La umbilical cord infection, also called granuloma, umbilical fungus or omphalitis is a chronic inflammation of the navel (omphalon), from which purulent, often foul-smelling material comes out.
Recurrent omphalitis is documented primarily in infants and children; however, umbilical inflammation can sometimes affect adults as well.
How can we detect omphalitis?
It is a fairly rare pathological condition in industrialized countries; however, in less developed areas where access to medication is not guaranteed, omphalitis remains a common cause of neonatal mortality.
Omphalitis begins with symptoms very similar to those of infectious cellulitis (redness, limited pain, swelling), so it is not uncommon for the two conditions to be confused.
Causes of umbilical cord infection
It is estimated that 70-75% of omphalitis are due to polymicrobial infections. The pathogens most involved in the etiopathogenesis are:
- Staphylococcus aureus (gram+)
- Group A beta-hemolytic streptococcus, such as Streptococcus pyogenes (gram+)
- Escherichia coli (gram-)
- Klebsiella pneumoniae (gram-)
- Proteus mirabilis (Gram-)
Patients with higher risk of omphalitis are newborns (especially premature babies), hospitalized patients undergoing invasive procedures, and the immunocompromised.
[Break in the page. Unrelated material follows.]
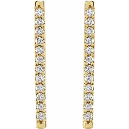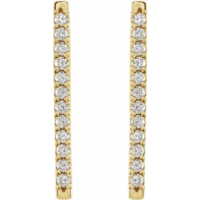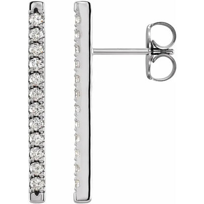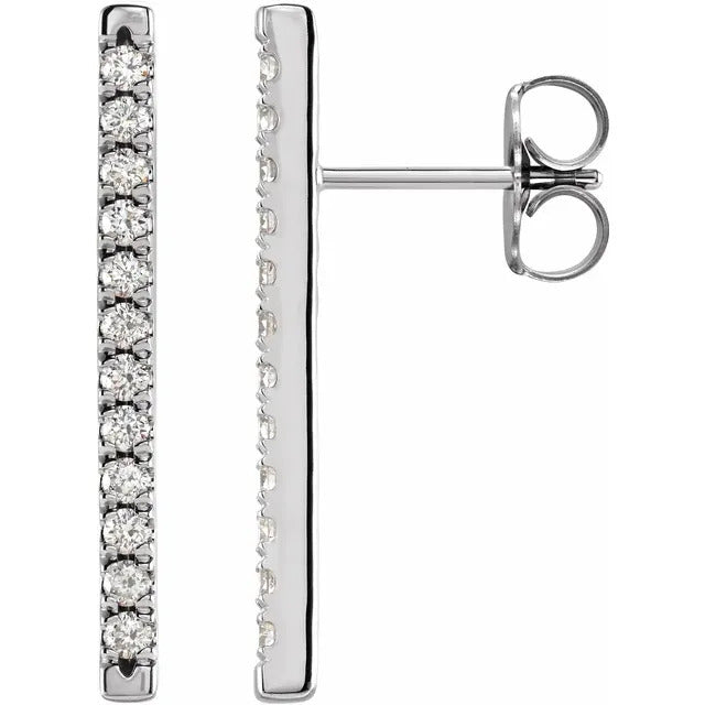 Indulge in timeless elegance with our exquisite 14K 1/3 CTW Natural Diamond French-Set Bar Earrings, crafted to captivate. Designed to elevate any ensemble, these earrings feature stunning natural diamonds delicately set in lustrous 14K gold, exuding sophistication and refinement. Perfect for adding a touch of luxury to any occasion, these French-set bar earrings are a must-have addition to your jewelry collection.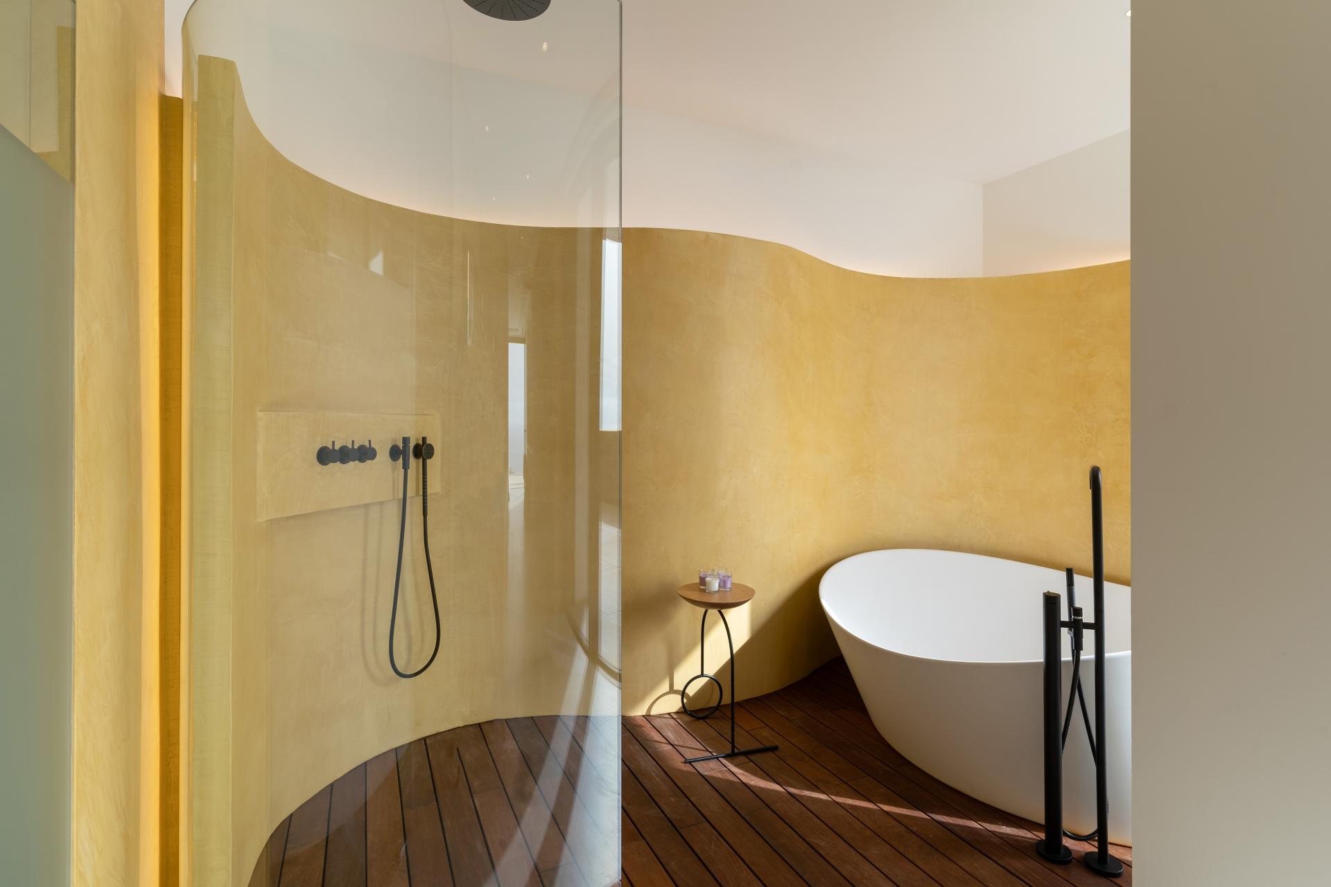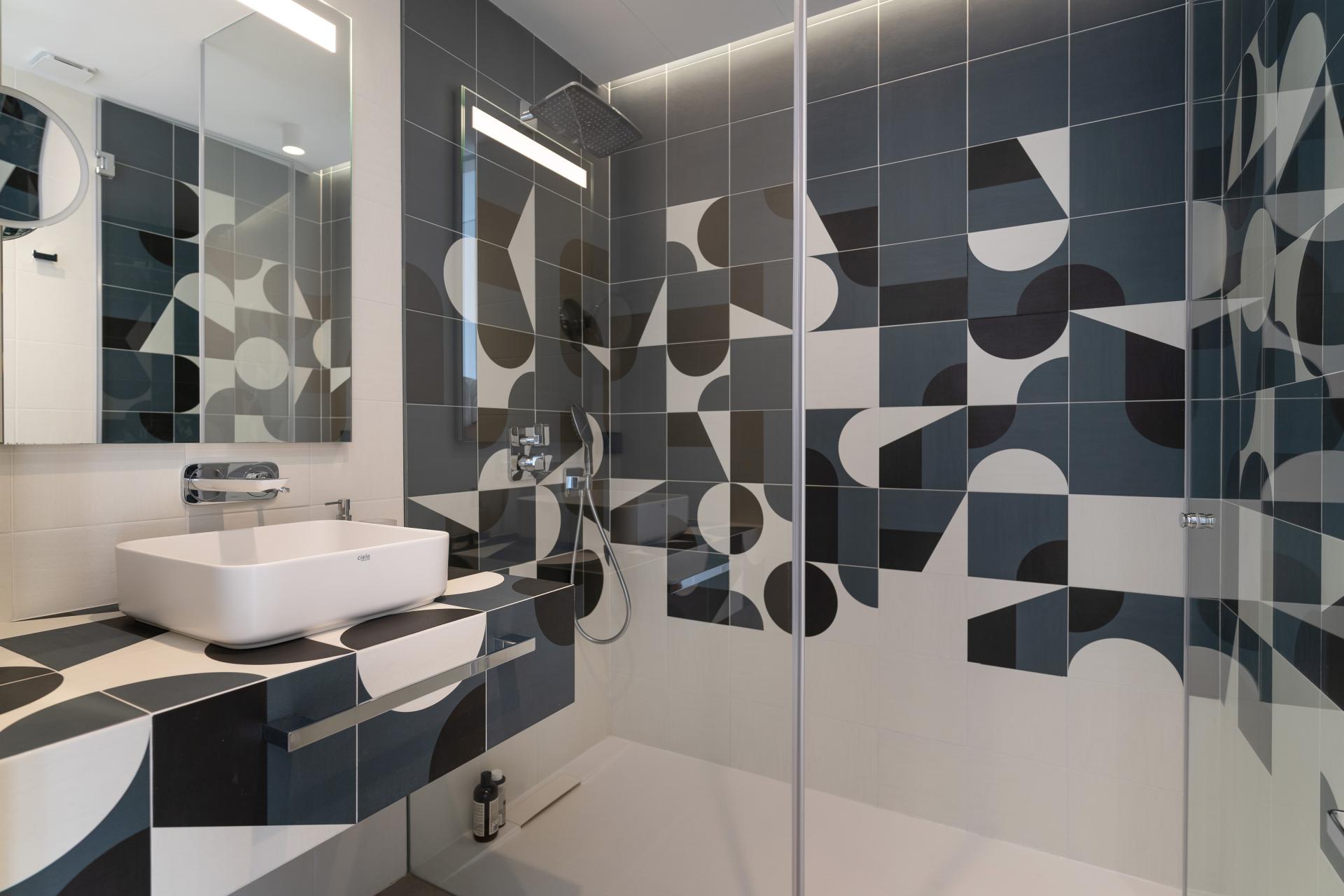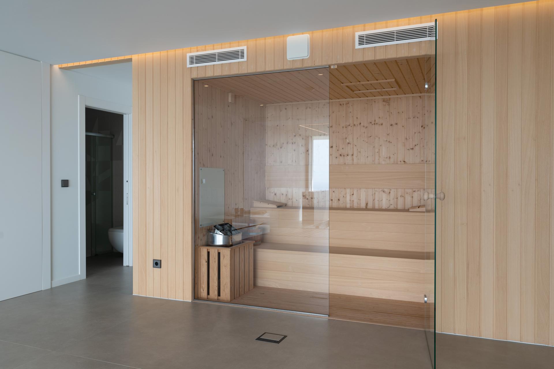 The basement is dedicated to relaxation and entertainment, housing a luxurious spa area with a heated indoor pool, complete with a waterfall and hydromassage shower, a four-person sauna, and a fully equipped private cinema. Imagine watching your loved ones swim through the pool's interior window, adding a touch of magic to your moments of rest. The independent guest apartment, featuring its own kitchen, bedroom, and terrace, ensures complete privacy for your guests.

Sepsis and pneumonia are also predisposing factors for omphalitis. In the newborn,to fall of umbilical cord causes a small granular wound: this sore is a possible entry point for bacteria (omphalitis).
Symptoms of omphalitis
Recurring symptoms include foul-smelling discharge of pus from the navel, erythema, edema, tenderness, and limited pain. Affected babies often experience fever, hypotension, tachycardia, and jaundice. Among the rare complications we must not forget sepsis, septic embolization and death.
In most cases, omphalitis turns out to be a banal umbilical inflammation, which can be promptly resolved with topical application and/or parenteral administration of specific antibiotics.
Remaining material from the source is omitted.